14 research outputs found
Dynamics of bivalent chromatin during development in mammals
Mammalian cell types and tissues have diverse functional roles within an organism but
can be derived by the differentiation of the embryonic stem cells (ESCs). ESCs are pluripotent
cells with self-renewal properties. During development subsets of genes in ESCs are activated
or silenced for manifestation of the cell type specific function. Gene expression changes occur
transiently in early developmental stages, through signals received and executed by a variety
of transcription factors (TFs), regulatory elements (promoters, enhancers) and epigenetic
modifications of chromatin.
Post-translational modifications of the histone tails are regulated by chromatin modifiers
and transform the chromatin architecture. Polycomb (PcG) and Trithorax (TrxG) group
proteins are the most commonly studied histone modifiers. They were first discovered as
repressors (H3K27me3) and activators (H3K4me3) respectively of Homeobox (Hox) genes in
Drosophila and they are conserved in mammals. Bivalent chromatin is defined as the
simultaneous presence of silencing (H3K27me3) and activating (H3K4me3) histone marks and
was first discovered as a feature of many developmental gene promoters of ESCs. Bivalent
promoters are thought to be in a ‘poised’ state for later activation or repression during
differentiation due to the presence of the two counter-acting histone modifications and a
pausing variant of RNA polymerase II (RNAPII) accompanied with intermediate-low levels of
expression.
By integrative analysis of publicly available ChIP sequencing (ChIP-seq) datasets in
murine and human ESCs, we predicted 3,659 and 4,979 high–confidence (HC) bivalent
promoters in mouse and human ESCs respectively. Using a peak-based method, we acquire a
set of bivalent promoters with high enrichment for developmental regulators. Over 85% of
Polycomb targets were bivalent and their expression was particularly sensitive to TF
perturbation. Moreover, murine HC bivalent promoters were occupied by both Polycomb
repressive component classes (PRC1 and PRC2) and grouped into four distinct clusters with
different biological functions. HC bivalent and active promoters were CpG rich while
H3K27me3-only promoters lacked CpG islands. Binding enrichment of distinct sets of
regulators distinguished bivalent from active promoters and a ‘TCCCC’ sequence motif was
specifically enriched in bivalent promoters.

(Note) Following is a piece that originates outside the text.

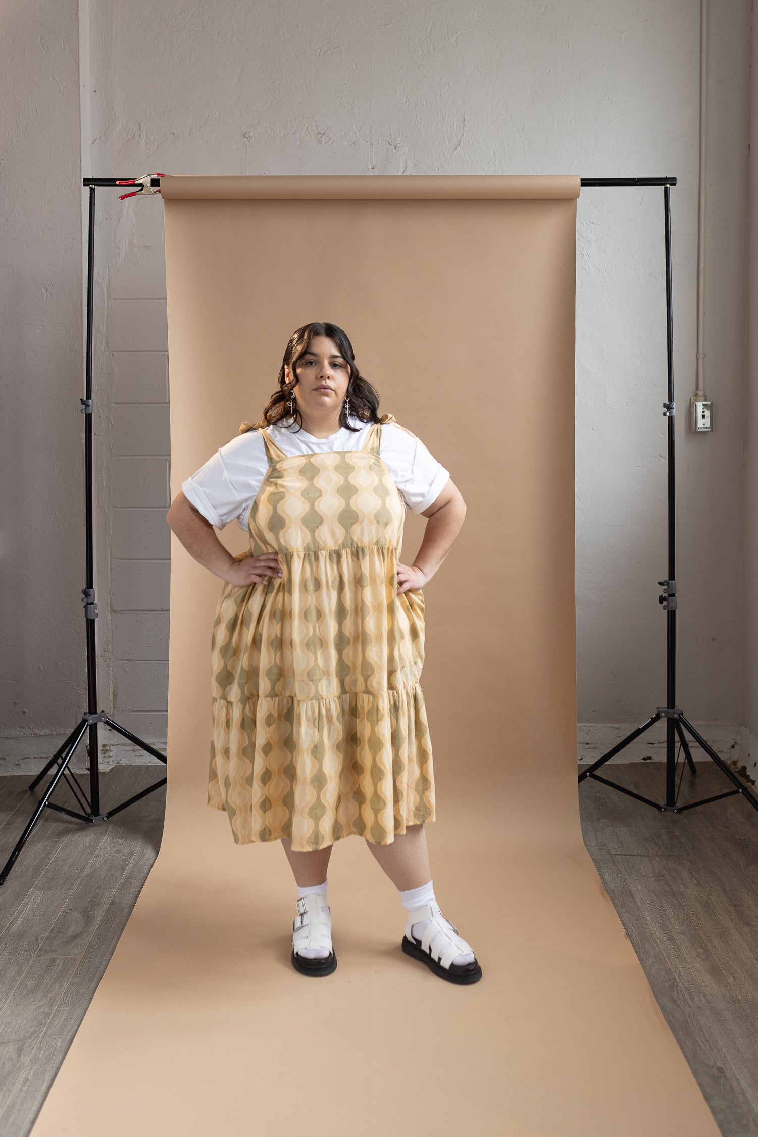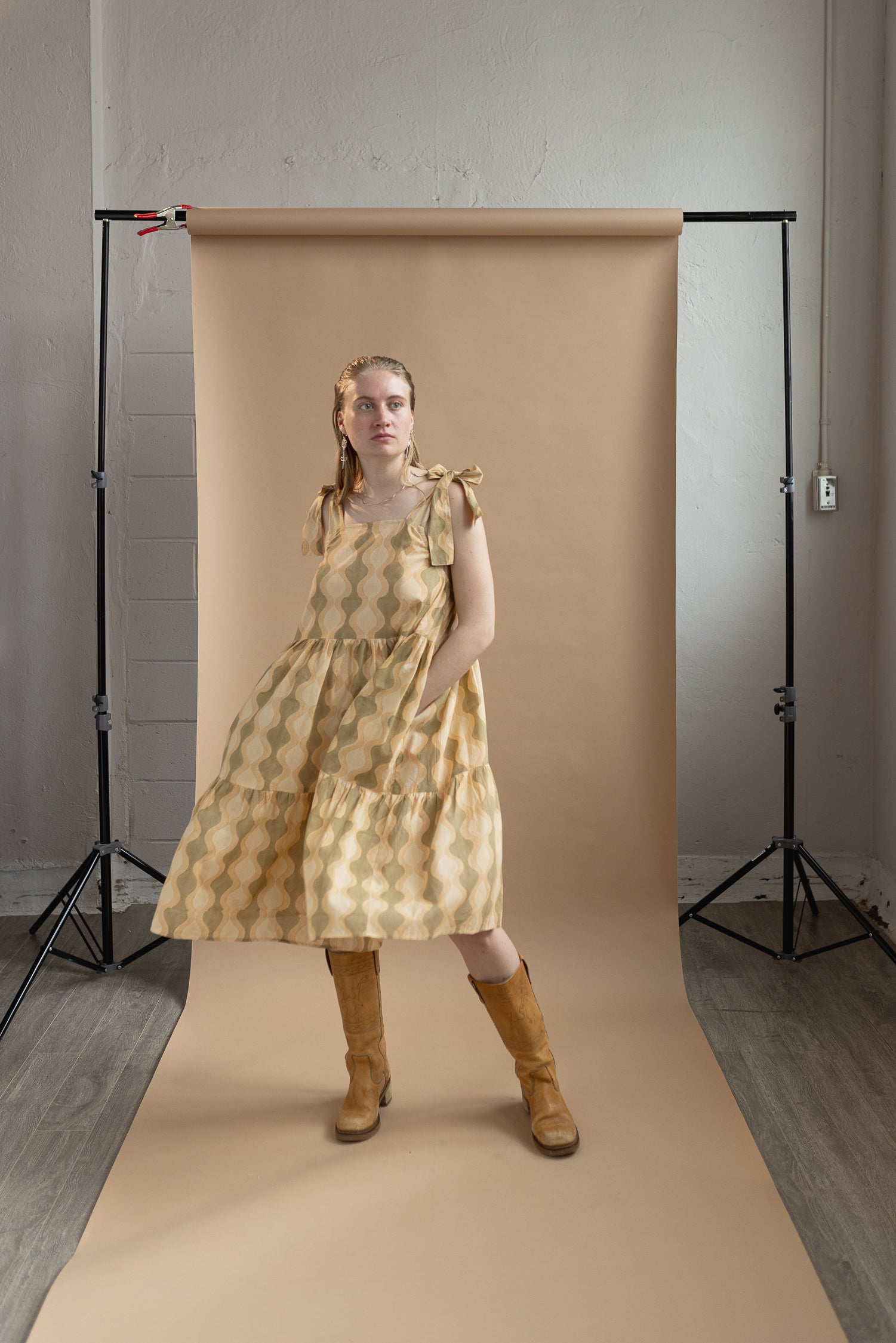 This dress is made with a hand block printed, light weight, cotton voile, almost sheer- think about what you'll wear underneath! There are adjustable straps that let you play with torso length and an underarm elastic for ease of fit and comfort. This dress is available in size 1-3.

Using the recent technology of single cell RNA sequencing (scRNA-seq) we focused on
gene expression heterogeneity and how it may affect the output of differentiation. We collected
single cell gene expression profiles for 32 human and 39 murine ESCs and studied the
correlation between diverse characteristics such as network connectivity and coefficient of
variation (CV) across single cells. We further characterized properties unique to genes with
high CV. Highly expressed genes tended to have a low CV and were enriched for cell cycle
genes. In contrast, High CV genes were co-expressed with other High CV genes, were enriched
for bivalent promoters and showed enrichment for response to DNA damage and DNA repair.
Bivalent promoters in ESCs grouped in four distinct classes of variable biological
functions according to Polycomb occupancy and three RNAPII variants. To study the dynamics
of epigenetic and transcription control at promoters during development, we collected ChIPseq
data for two chromatin modifications (H3K4me3 and H3K27me3) and RNAPII (8WG16
antibody) as well as expression data (RNA-seq) across 8 cell types (ESCs and seven committed
cell types) in mouse. Hierarchical clustering of 22,179 unique gene promoters across cell types,
showed that H3K4me3 peaks are in agreement with the expression data while H3K27me3 and
RNAPII peaks were not highly consistent with the hierarchical tree of gene expression.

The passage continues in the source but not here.